User Information: More information on how to use the STEAP tool is available through the STEAP Navigation Help page.
Identifies: This tool is a web application that permits rapid screening of potential project locations anywhere in the United States to support Title VI, environment justice, and other socioeconomic data analyses. The tool provides estimates of the socioeconomic characteristics of the resident population surrounding a project location.
Limitations and Notes: The core data used to calculate the demographics is the latest American Community Survey 2016-2020 Five-Year data and 2020 Decennial Census PL94-171 Redistricting data. The tool will be updated to incorporate additional 2020 Census data when it becomes available.
Why is it important to know if my community meets “disadvantaged community” status?
President Biden signed Executive Order 13985: Advancing Racial Equity and Support for Underserved Communities Through the Federal Government, establishing a whole of government approach to advancing equity and opportunity. The U.S. Department of Transportation (USDOT) is committed to reducing inequities across our transportation systems to ensure that communities benefit from the safe, efficient, and sustainable movement of people and goods.
Executive Order 14008: Tackling Climate Change at Home and Abroad created the government-wide Justice40 Initiative, which establishes the goal that at least 40 percent of the benefits of certain federal investments flow to disadvantaged communities. Justice40 aims to address decades of underinvestment in disadvantaged communities. The initiative will bring resources to communities most impacted by climate change, pollution, and environmental hazards.
When done right, transportation policy can transform economies, connect people to opportunities, and empower underserved communities to build generational wealth for the future.

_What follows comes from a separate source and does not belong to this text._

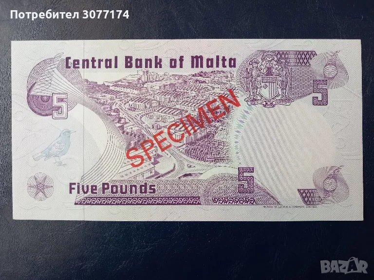 Спесимен Малта 5 лири , снимка 1 - Нумизматика и бонистика - 49644439 Спесимен Малта 5 лири , снимка 2 - Нумизматика и бонистика - 49644439 1/2

Among the ways USDOT is implementing these Executive Orders is by ensuring that its discretionary programs include consideration of impacts to historically underserved or overburdened communities, and to equitably deliver resources and benefits to these disadvantaged communities. Refer to specific program Notice of Funding Opportunity (NOFO) for information on whether disadvantaged community status is given priority in application consideration or in requirement of local match. The specific program NOFO will describe how disadvantaged community status (or other similar status such as area of persistent poverty or other Federal designations) will be considered.

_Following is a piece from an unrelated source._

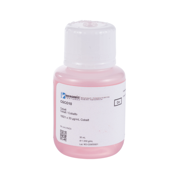 CobaltLocation: Group 9, Period 4 Storage & Handling: Keep tightly sealed when not in use. Store and use at 20 ± 4°C. Do not pipet from container. Do not return portions removed for pipetting to container. Chemical Compatibility: Stable in HCl, HNO3, H2SO4, HF and H3PO4. Avoid basic media. Stable with most metals and inorganic anions in acidic media. Stability: 2-100 ppb levels stable for months in 1% HNO3 / LDPE container. 1-10,000 ppm solutions chemically stable for years in 1-5% HNO3 / LDPE container. Co Containing Samples (Preparation & Solution): Metal (soluble in HNO3); Oxides (soluble in HCl); Ores (dissolve in HCl / HNO3). |

Federally recognized Tribal governments and U.S. territories have received disadvantaged community status under the USDOT definition of a disadvantaged community. Many rural communities do as well; however, definitions and eligibility of what is considered “rural” varies across USDOT programs. Check Rural Eligibility for definitions by program.
Disclaimer: This curated list of federal data and mapping tools is maintained on the DOT Navigator website as a secondary source and does not supersede primary materials issued by each USDOT Operating Administration. USDOT does not promote one resource over another. Accordingly, please work directly with the USDOT Operating Administration managing the BIL discretionary grant program for specific guidance.